The new school building (Block D in 2017) was officially opened by the Minister for Public Instruction, John Huxham, on 24 January 1921. Block D was set on concrete piers and was roofed with asbestos slates, with three large ornamental ventilating fleches on the roof, and decorative timber work to the three projecting gables. The central wing contained six classrooms, including a chemistry lecture room (with four large rooms and two smaller, for a total of 180 pupils); separate male and female teachers rooms, located between the first and second, and fifth and sixth classrooms; and separate hat and coat rooms for boys and girls (accessed off the verandah), partitioned off the northern part of the second and fifth classrooms and the teachers rooms. The ceilings were coved, with metal tie rods, and ventilation ducts ran between the ceiling vents and the fleches. A central gabled verandah annexe to the north had stairs up to an entry porch and hall, with a room for the head teacher on the west side, and for the record clerk and library on the east side. A verandah, with two sets of stairs, ran along the north side of the central wing, connecting with the verandah annexe's entrance hall and two end corridors located between the central wing and the east and west wings, which were perpendicular to the main wing.

The two end wings (which could accommodate a total of 100 pupils) had their own side verandah and stairs. The east wing contained a chemistry room, and a mechanical drawing and physics room, with a balance room, polariscope (used for examining substances) room and store between the main rooms. The west wing contained a bookkeeping room and domestic science room, separated by a fitting room and store. The understorey was open, except for under the verandah annexe, and some battening, and the floor was concreted. Male and female hand basins were located under the verandah annexe. Three additional piers were provided to support the balance table in the eastern wing (not extant, although their position is still discernible in the understorey's concrete floor).
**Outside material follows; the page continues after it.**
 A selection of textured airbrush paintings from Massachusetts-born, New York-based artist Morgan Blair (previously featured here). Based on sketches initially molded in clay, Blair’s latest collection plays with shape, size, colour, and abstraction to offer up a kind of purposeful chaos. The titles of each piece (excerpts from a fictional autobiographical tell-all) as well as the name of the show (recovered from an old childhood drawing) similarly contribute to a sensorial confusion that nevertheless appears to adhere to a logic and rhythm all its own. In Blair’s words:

Bundaberg received the third purpose-built high school of the suburban timber school building type, after Gympie State High School and Lockyer State High School, Gatton (similar new buildings were opened at both schools in 1917). As the original buildings at the latter schools were demolished in the 1950s, Bundaberg's Block D is now the earliest surviving purpose-built state high school building of its type in Queensland.

A smaller building (the eastern wing of Block G in 2017) was also constructed, as an annexe for cookery and woodworking classes, just to the south of Block D, with a parade ground between the two buildings. The annexe was lowset, with a Dutch gable roof which was sheeted with red fibre cement tiles. It had a cookery classroom on the east side, and a larger woodworking classroom on the west side. The interior had a coved ceiling with exposed metal ties. The walls of the woodworking room were unlined. There was a verandah on the north side, and a stair to the verandah led to a small, central, projecting bay with a gable roof. The walls were clad externally with weatherboards. The windows were casements, and two stove recesses, projecting from the southern elevation of the cookery classroom, had separate skillion roofs with short chimneys. Although it predates standard designs for vocational buildings that were introduced in 1928, Block G shares a number of characteristics of the later buildings: it is lowset, timber framed, with a Dutch gable roof, a verandah, and a pair of stove recesses for the cookery classroom.
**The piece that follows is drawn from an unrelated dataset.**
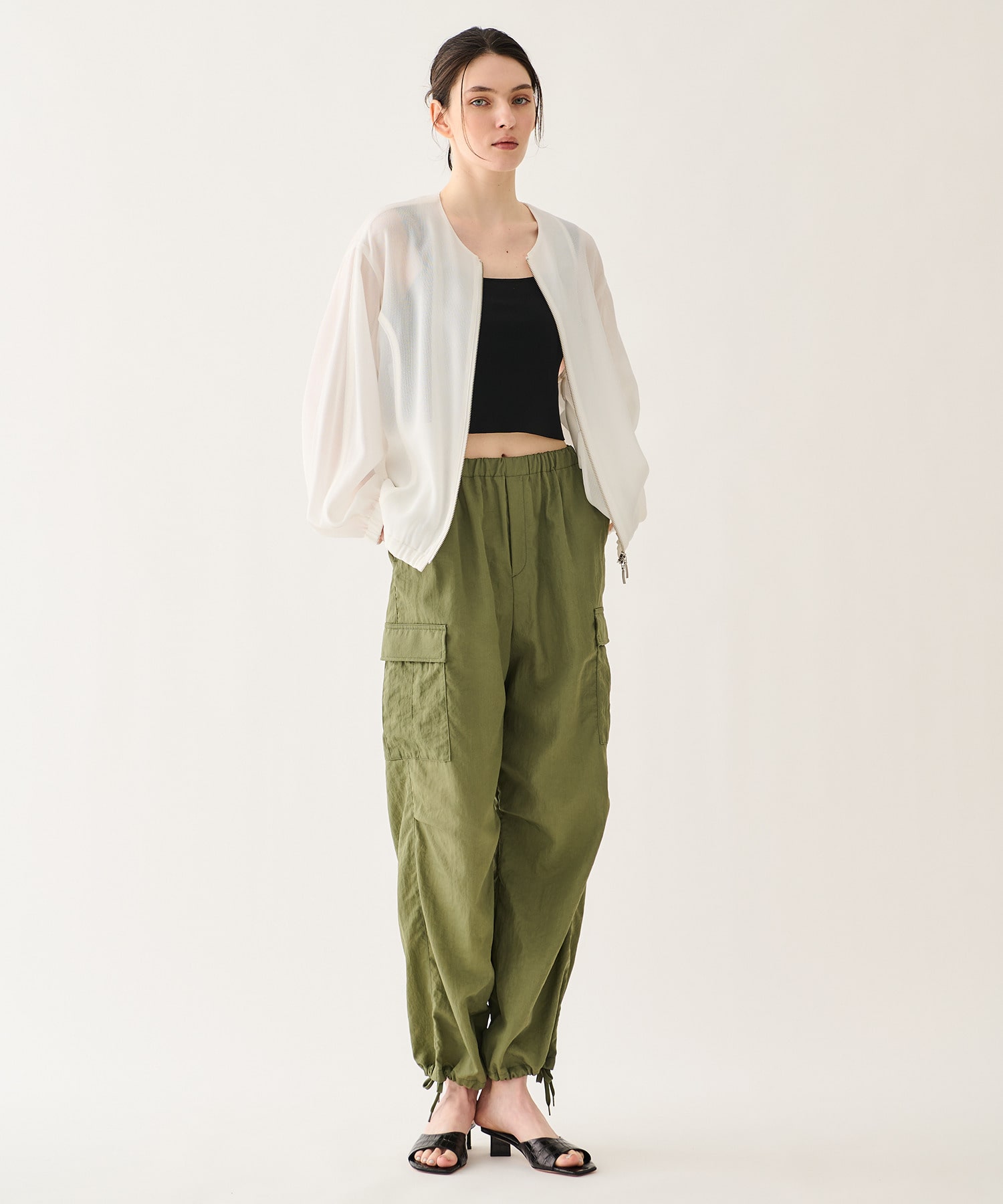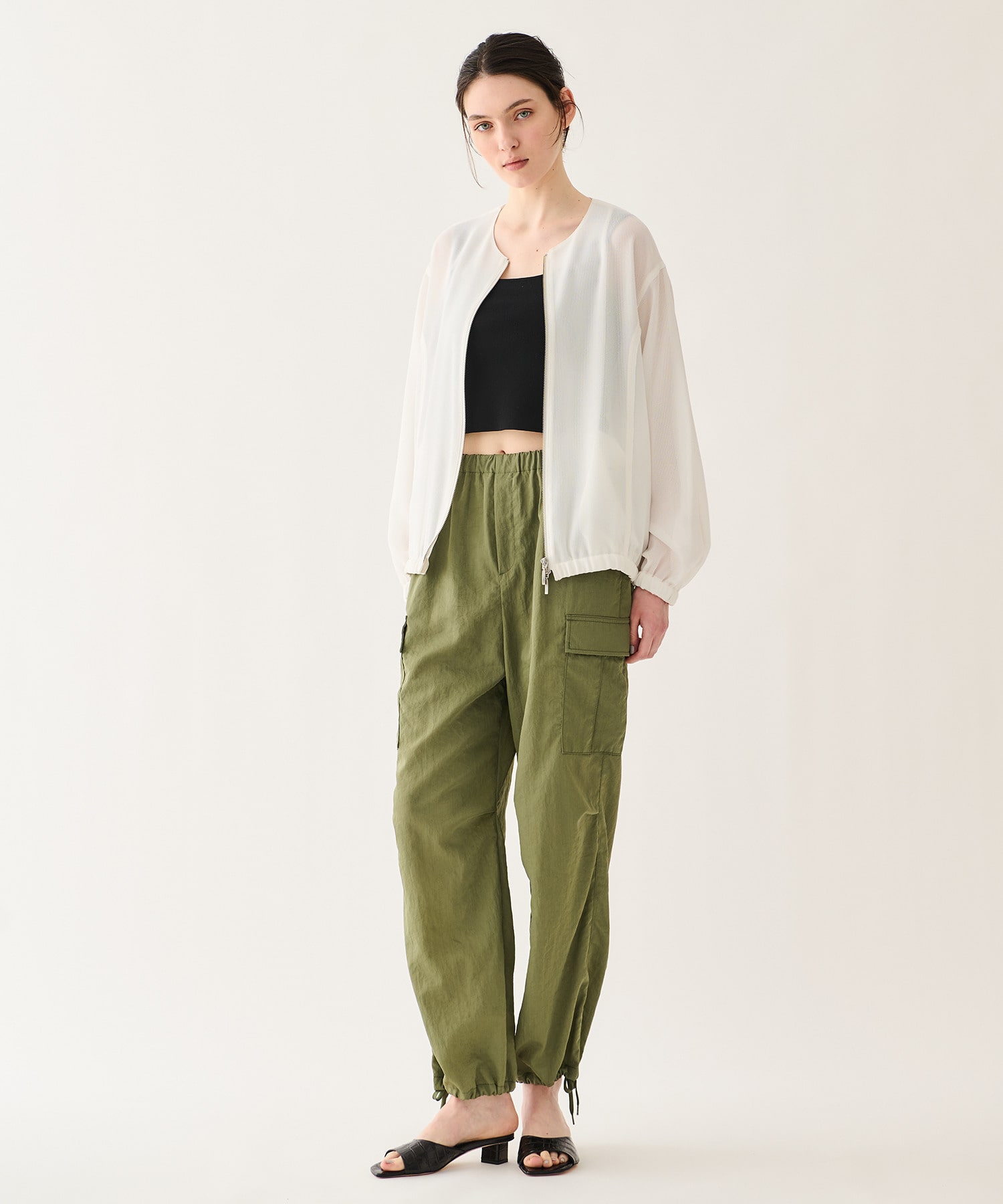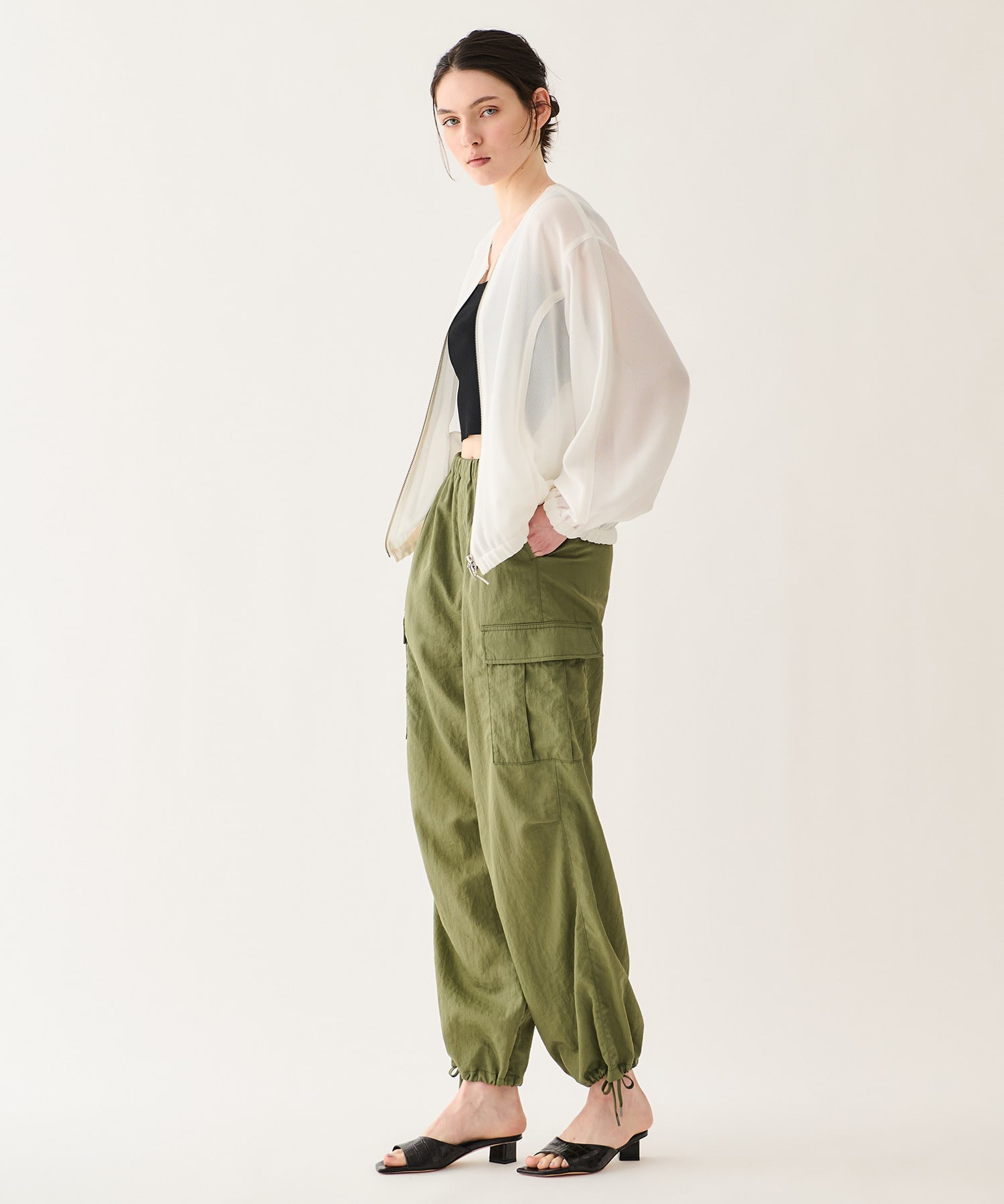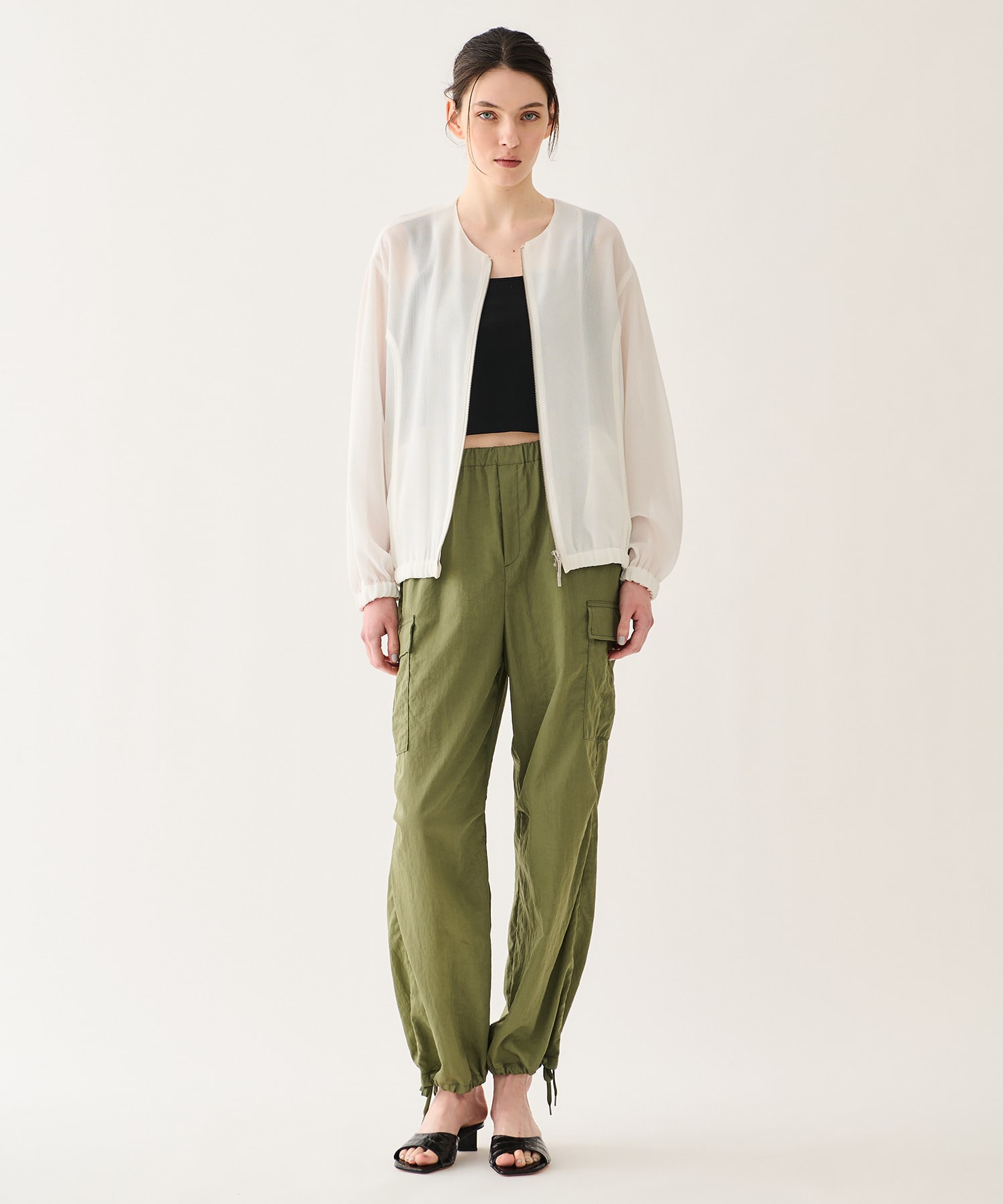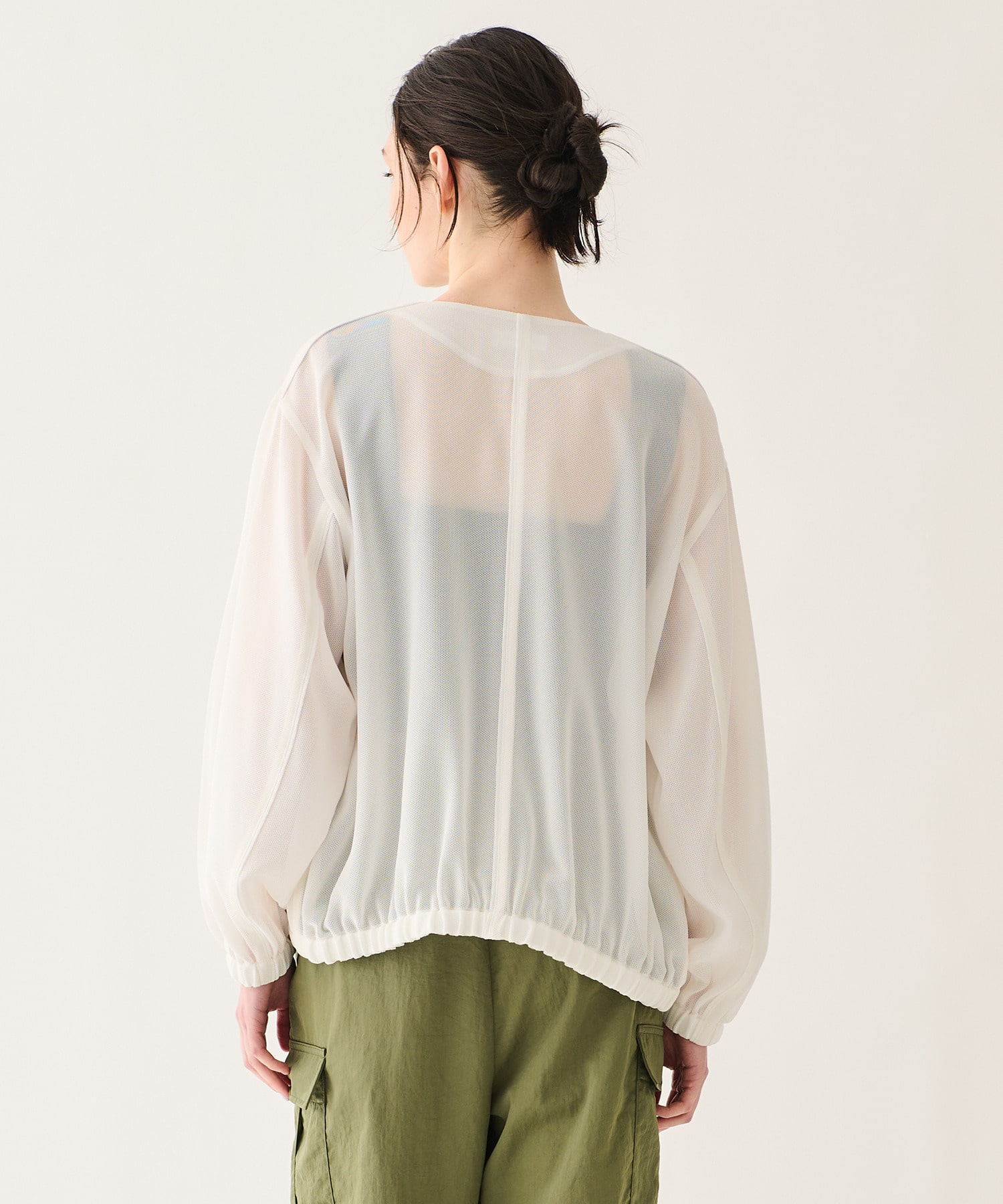 ポリエステルとレーヨンをブレンドしたカラミ素材を使用。ややしなやかなタッチと程よい落ち感が特徴で、軽やかさと上品さを兼ね備えています。透けすぎない絶妙なシアー感で、スタイリングに取り入れやすい素材感に仕上げました。

The spacious new grounds in Bundaberg South allowed the high school to finally have sporting facilities: a tennis court was opened in July 1921, and a cricket pitch was formed by December.
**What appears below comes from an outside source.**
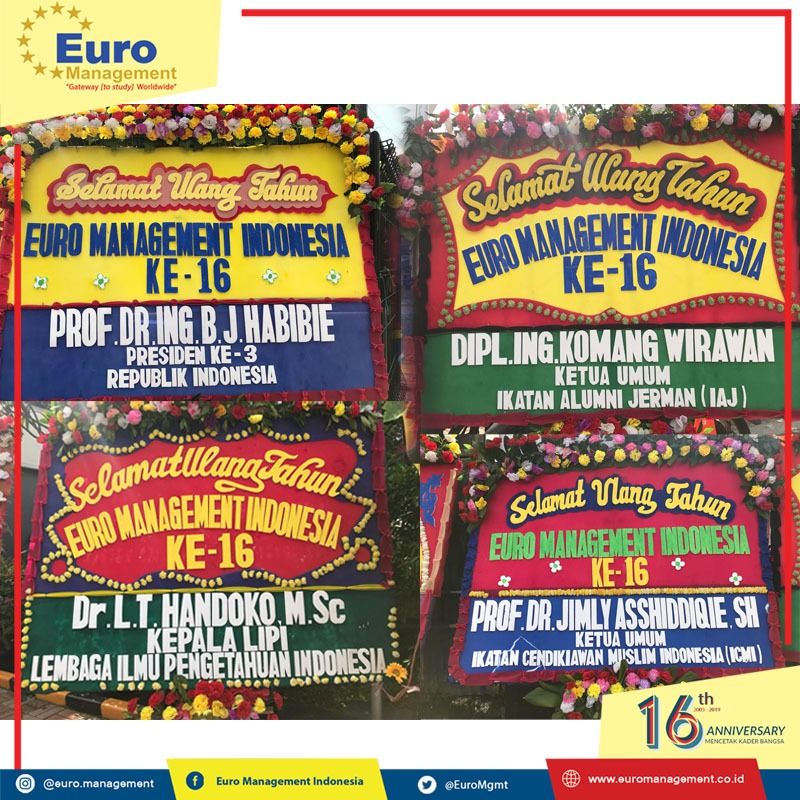 Suatu Kehormatan luar biasa & menjadi suatu kebanggaan tersendiri, perayaan Hari Jadi Euro Management Indonesia Ke 16 (13 April 2003 - 13 April 2019), karangan bunga berisi ucapan selamat berdatangan daripara tokoh nasional & Kolega, antara lain :
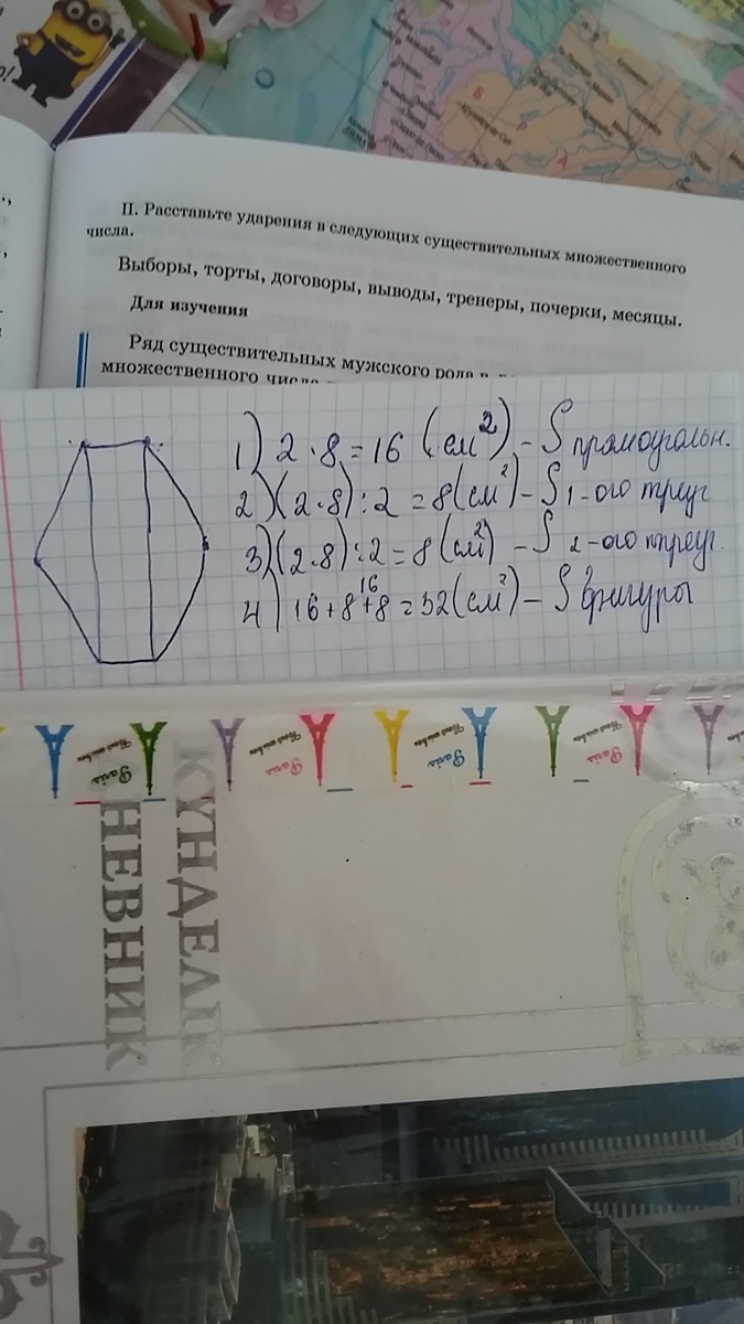 2) раздели его на прямоугольник и два треугольника и найди его площадь наиболее рационально

During the 1920s, some changes were made to the school buildings, and the size of the school grounds. Motor shafts were bolted to concrete foundations under the woodworking half of Block G c. 1921, and in 1923 the school reserve was increased to 17 acre, 1 rood and 33 sqperch. In 1925–6 the old sugar laboratory was moved from its Quay Street site to the Bundaberg State High School and Technical College, east of Block G - where it was used for woodworking. Block G was then converted solely to domestic science use, with a lined and ceiled dressmaking classroom (and curtained-off dining area) replacing the woodworking classroom, and a new servery in the partition with the cookery room.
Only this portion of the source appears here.